**Raw data**

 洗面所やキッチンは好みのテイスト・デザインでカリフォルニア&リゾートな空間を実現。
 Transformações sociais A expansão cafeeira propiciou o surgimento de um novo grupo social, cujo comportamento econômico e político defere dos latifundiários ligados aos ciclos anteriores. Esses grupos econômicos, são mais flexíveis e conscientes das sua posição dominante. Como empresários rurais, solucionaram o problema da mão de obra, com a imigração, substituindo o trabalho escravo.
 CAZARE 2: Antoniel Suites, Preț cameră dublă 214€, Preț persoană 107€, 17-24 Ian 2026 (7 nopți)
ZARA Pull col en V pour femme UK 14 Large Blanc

**Directions**
With no line skipped, output the listing in full.

**Written answer**
 洗面所やキッチンは好みのテイスト・デザインでカリフォルニア&リゾートな空間を実現。
 Transformações sociais A expansão cafeeira propiciou o surgimento de um novo grupo social, cujo comportamento econômico e político defere dos latifundiários ligados aos ciclos anteriores. Esses grupos econômicos, são mais flexíveis e conscientes das sua posição dominante. Como empresários rurais, solucionaram o problema da mão de obra, com a imigração, substituindo o trabalho escravo.
 CAZARE 2: Antoniel Suites, Preț cameră dublă 214€, Preț persoană 107€, 17-24 Ian 2026 (7 nopți)
ZARA Pull col en V pour femme UK 14 Large Blanc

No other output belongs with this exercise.